Provided entries:
########################################

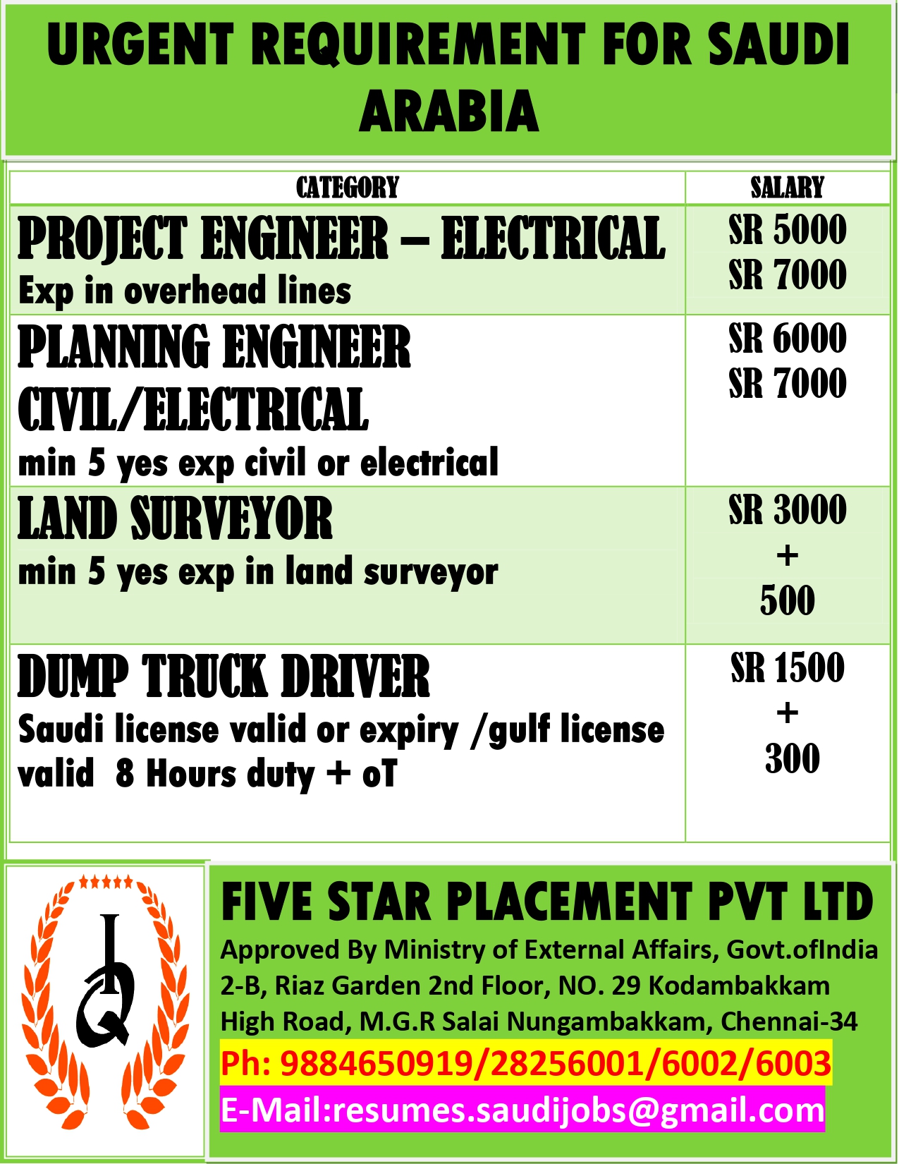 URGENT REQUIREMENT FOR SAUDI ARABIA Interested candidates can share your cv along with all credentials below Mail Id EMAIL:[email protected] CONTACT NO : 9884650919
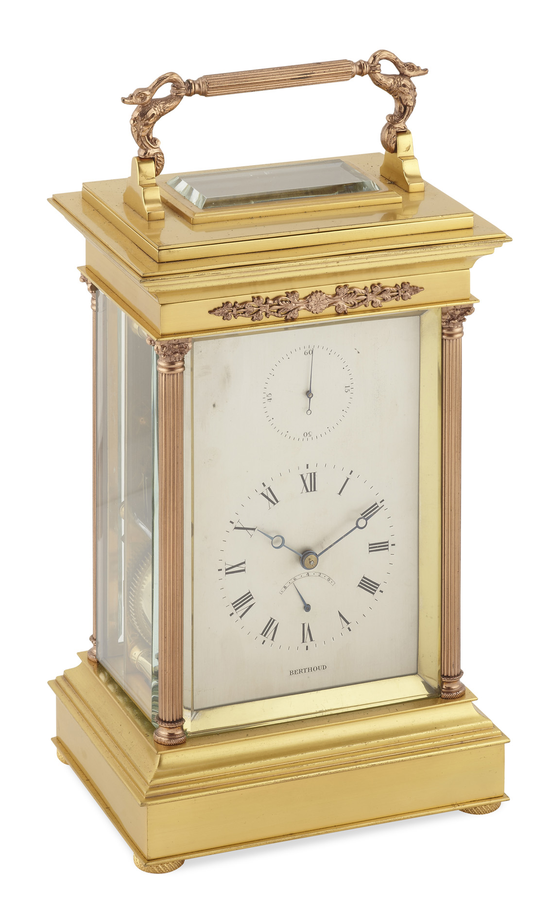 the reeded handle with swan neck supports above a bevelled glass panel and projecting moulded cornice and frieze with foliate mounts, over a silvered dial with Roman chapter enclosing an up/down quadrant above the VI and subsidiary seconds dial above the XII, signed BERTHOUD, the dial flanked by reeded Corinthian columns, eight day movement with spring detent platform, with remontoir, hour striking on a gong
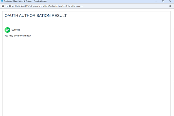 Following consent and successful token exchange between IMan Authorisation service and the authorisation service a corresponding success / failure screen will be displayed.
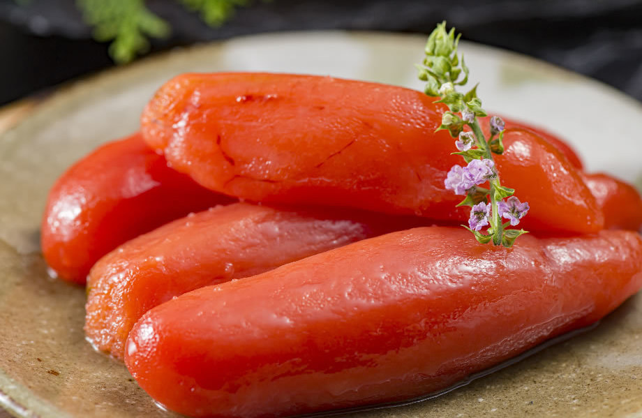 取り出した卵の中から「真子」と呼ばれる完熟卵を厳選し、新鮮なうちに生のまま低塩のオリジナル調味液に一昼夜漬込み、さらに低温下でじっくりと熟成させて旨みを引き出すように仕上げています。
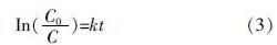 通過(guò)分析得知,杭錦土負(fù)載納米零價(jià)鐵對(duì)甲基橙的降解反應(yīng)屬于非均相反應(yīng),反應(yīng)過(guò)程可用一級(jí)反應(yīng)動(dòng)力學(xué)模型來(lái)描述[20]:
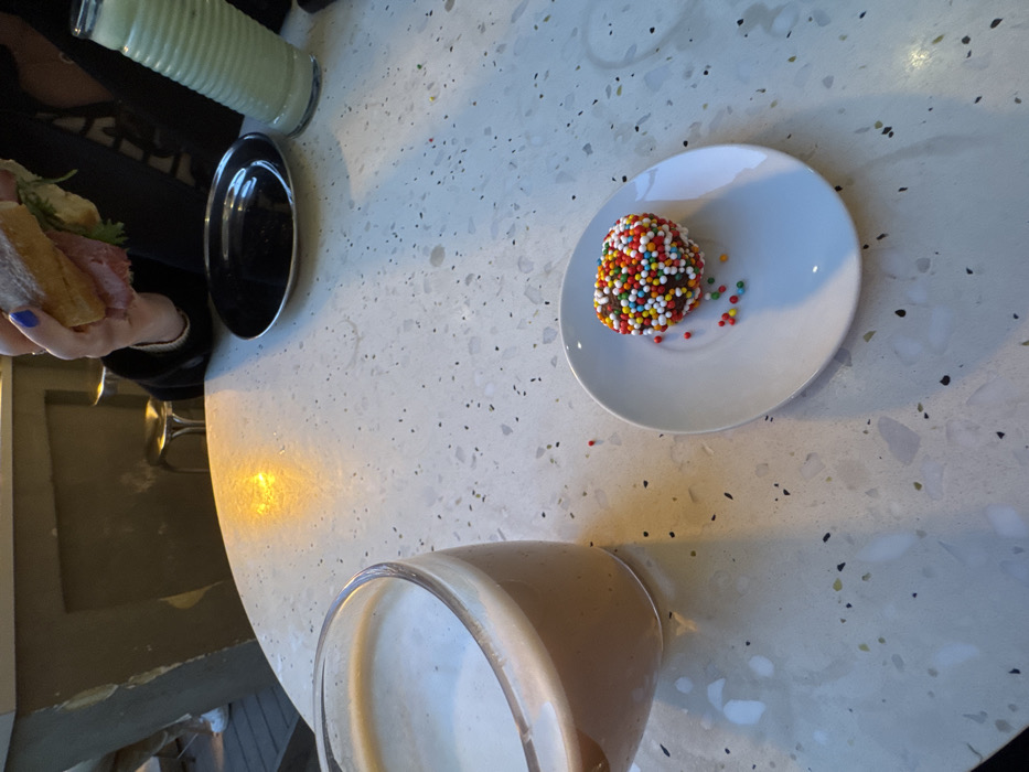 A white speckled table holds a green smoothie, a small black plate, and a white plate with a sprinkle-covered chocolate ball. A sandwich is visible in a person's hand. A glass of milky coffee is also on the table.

########################################

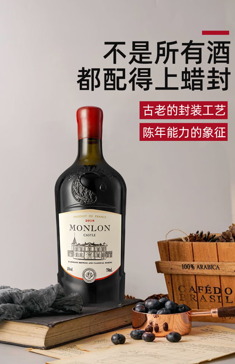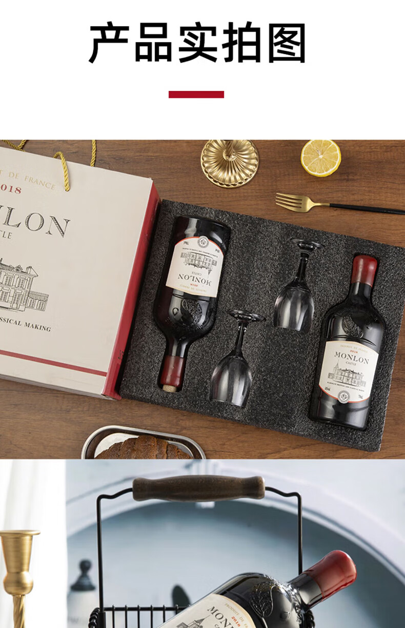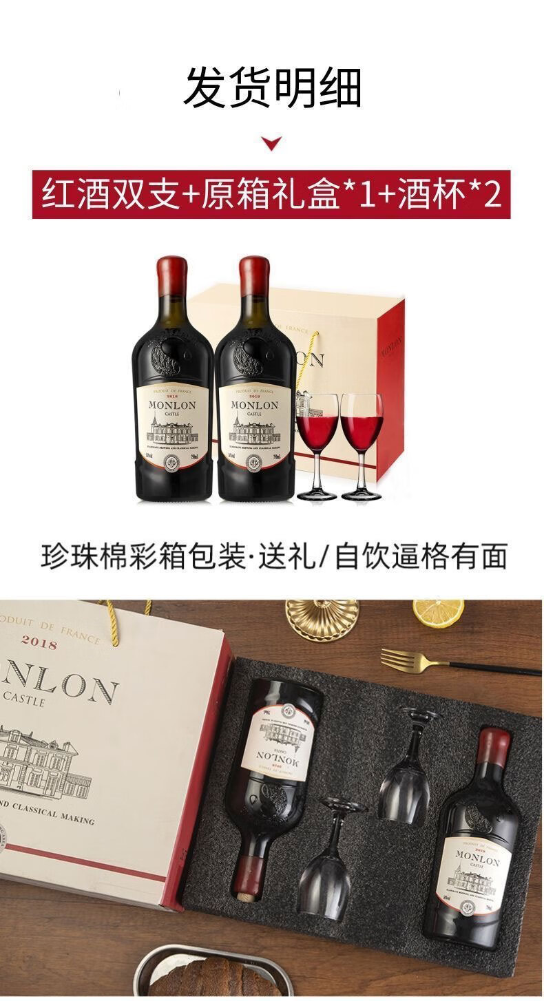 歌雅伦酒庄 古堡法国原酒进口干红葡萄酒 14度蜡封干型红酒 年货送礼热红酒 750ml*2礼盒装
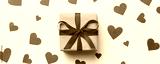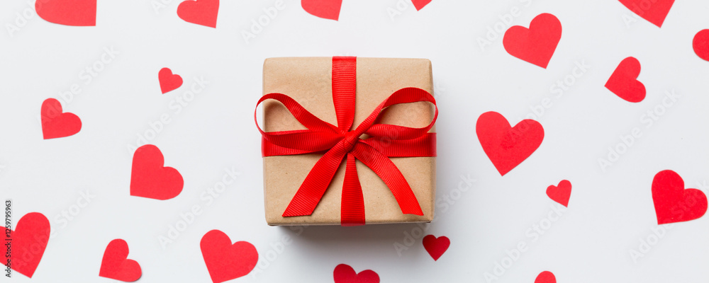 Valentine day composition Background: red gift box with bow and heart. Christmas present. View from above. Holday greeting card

########################################

Your task: Only the lines of the listing above from the one with "通過(guò)分析得知,杭錦" through the one with "A white speckled" should be output, exactly, with both ends kept and pictures left out.

Result for this task:
 通過(guò)分析得知,杭錦土負(fù)載納米零價(jià)鐵對(duì)甲基橙的降解反應(yīng)屬于非均相反應(yīng),反應(yīng)過(guò)程可用一級(jí)反應(yīng)動(dòng)力學(xué)模型來(lái)描述[20]:
 A white speckled table holds a green smoothie, a small black plate, and a white plate with a sprinkle-covered chocolate ball. A sandwich is visible in a person's hand. A glass of milky coffee is also on the table.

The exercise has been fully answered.